AI News Aggregator Development

Guide for working with a modern AI-focused news aggregator that scrapes and aggregates news from multiple AI industry sources, featuring dynamic source management, advanced filtering, and real-time content updates.

Project Overview

A Node.js/Express backend with vanilla JavaScript frontend (~1600 lines) that aggregates AI industry news, AI tools, research, and coding platform updates.

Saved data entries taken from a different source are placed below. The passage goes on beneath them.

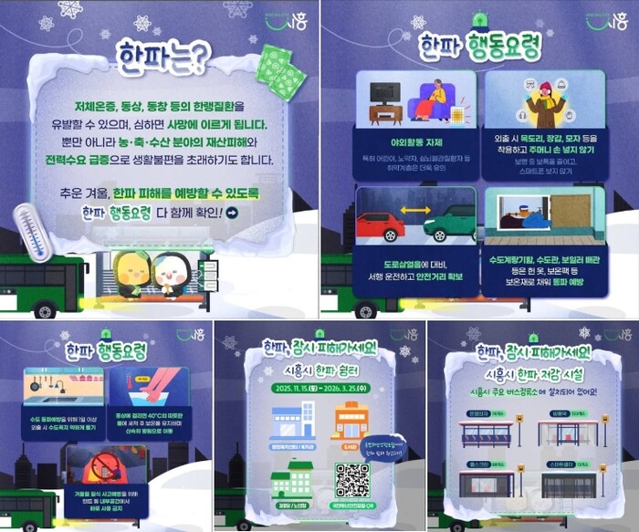 시흥시 공식 안내글에서는 "한파주의보 이렇게 대비하세요. 갑작스러운 한파, 어떻게 대비해야 할까요? 우리 모두의 안전을 지키는 한파 대비 국민행동요령! 일상 속 작은 실천으로 큰 사고를 예방하고, 내 가족과 이웃을 지키는 따뜻한 겨울 보내기! 추위가 걱정될 땐 가까운 '한파 쉼터'와 버스정류장 곳곳에 설치된 '한파 저감 시설'도 적극 활용하세요!"라고 말했다.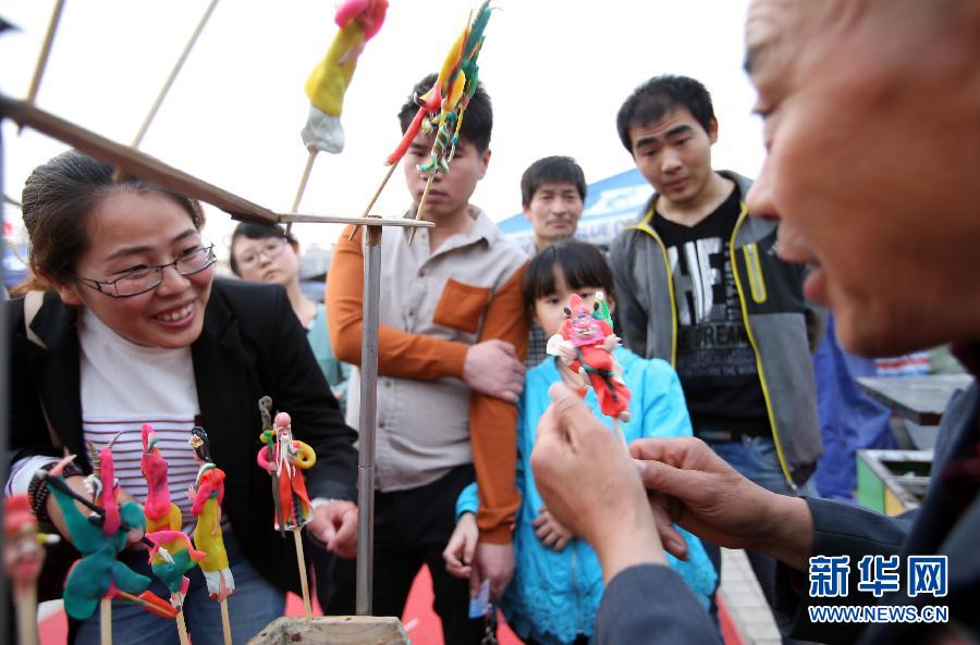4月21日,董金龙在街头现捏现卖他的面塑作品。新华社发(鲍东升 摄)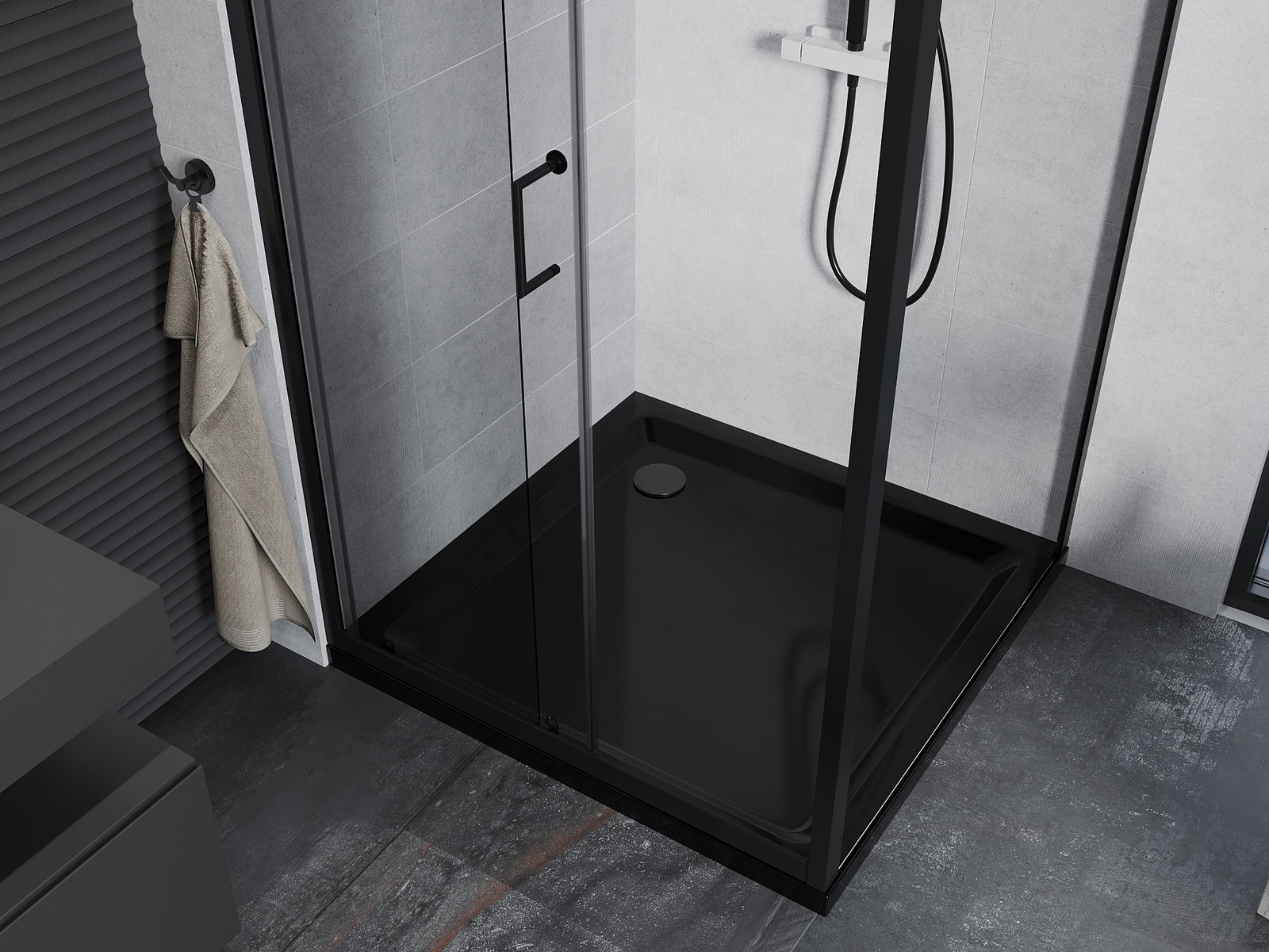 Mexen Rio dušas kabīne kvadrātveida 90 x 90 cm, caurspīdīga, melna - 860-090-090-70-00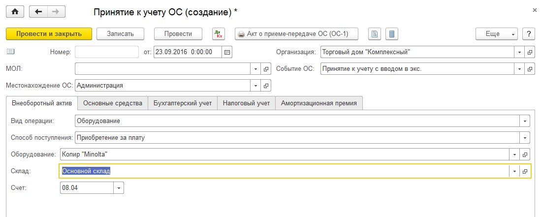 На основании документа поступления, создаем «Принятие к учету ОС». Как правило, принимаем к учету ОС день в день, либо днем позже. Обращайте внимание на время приема.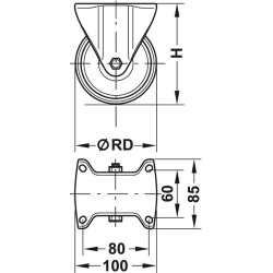 Fastlåst møbelhjul i stål og polyamid - bæreevne 200 kg

Features include:

Dynamic source management via JSON configuration

Adaptive scraping engine with source-specific and generic scrapers

In-memory article caching with scheduled updates

Advanced filtering (keywords, age, categories)

Admin interface for real-time source management

Dark/light themes, saved articles, read tracking

Testing suite covering security and API functionality

Development Workflow

1. Understand the Architecture

**Backend Components:**

`server.js` - Express server with API routes and cron scheduling

`services/newsService.js` - Core scraping engine with source-specific scrapers

`sources.json` - Dynamic source configuration with status tracking

**Frontend Components:**

`public/index.html` - Main UI with Material Design-inspired interface

`public/app.js` - Core application logic (1583 lines, class-based)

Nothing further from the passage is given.